DURHAM, N.C.
These days, Dr. John Hope Franklin spends more time in the greenhouse
with his collection of 300 orchids behind his home than in library
stacks.
Franklin fell in love with orchids because “they’re full of challenges,
mystery” — the same reasons he fell in love with history.
His autobiography, Mirror to America, which comes out this week,
reveals a man who has been as much a participant in history as a
chronicler of it.
Franklin helped Thurgood Marshall on the 1954 Supreme Court case Brown
v. Board of Education. He became the first Black historian to assume a
full-professorship at a White college, and chaired President Clinton’s
Initiative on Race.
But it is his works, more than his deeds, that have earned the
90-year-old historian 137 honorary degrees (“obscene, don’t tell
anyone”), the NAACP’s Spingarn Award and the Presidential Medal of
Freedom, the nation’s highest civilian honor.

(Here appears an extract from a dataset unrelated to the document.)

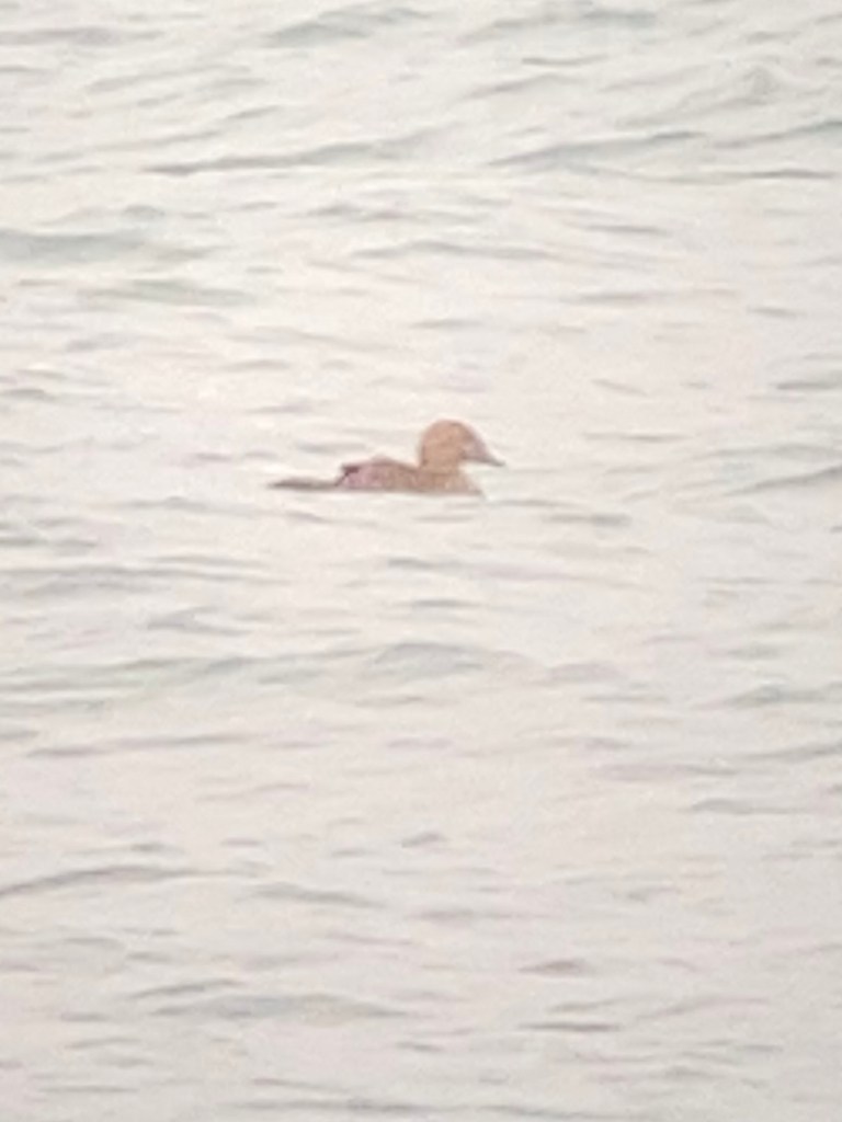 After breakfast, we decided to try and relocate a female King Eider that was reported yesterday and posted late at night. Since the seas were building on southwesterly winds, I decided to skip trying Lobster Cove and check the mouth of the harbor. And sure enough, there she was! The “Queen” Eider was an “Island Bird” for me, and an island bird for almost every birder on the island, if not a life bird for many in my group.

His landmark From Slavery
to Freedom, published in 1947 has sold more than 3.5 million copies and
remains required reading in college classrooms.
“I would compare him to Carter Woodson and W.E.B. Du Bois,” says
Pulitzer Prize-winning historian Leon Litwack, who served as a graduate
assistant when Franklin taught at the University of California,
Berkeley, in 1956, and has remained a fast friend.